The possible contradictions in Kilomba's counter-narrative are not unique among those who serve the process of decolonization in the Western institutions, but neither should we disregard the fact that there is a wide margin for falling into these inconsistencies, since the implicit rereading of history has its origin in the reading that has been made of it. That is to say, at no time does it start from an original point on which to act, but what is attempted is to patch up on what already exists, on what has been said, on the discourses, that is to say, on that historicism that has circumstantially become institutional.

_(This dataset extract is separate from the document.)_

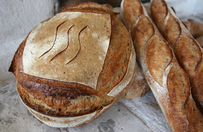 Värm ugnen till 250°. Vänd upp bröden på en lätt mjölad brödspade eller en platt skiva av något slag. Snitta en fyrkant med en vass kniv eller rakblad. Spruta in vatten samtidigt som du sätter in bröden och sänk värmen till 230°. Grädda i 40–45 minuter eller till en innertemperatur på 98°.

The fact that we find in Opera to a Black Venus could find its meaning in that museographic and institutional decolonization, given that it is precisely circumscribed to a political environment, although flirting with the very constricted margins of any narrative makes it easy to contradict. Ultimately, it should serve us to debate whether decolonizing tendencies have to build on what is already constructed or whether, on the contrary, they can have a critical complementary action in which comparative and dialogue can lead us to a much more adequate truth than what is intended by certain antithesis narratives.
Opera to a Black Venus: What would the bottom of the ocean tell us tomorrow if it were emptied of water today? can be seen until March 31 at the Reina Sofia Museum, Santa Isabel, 52, Madrid (Spain).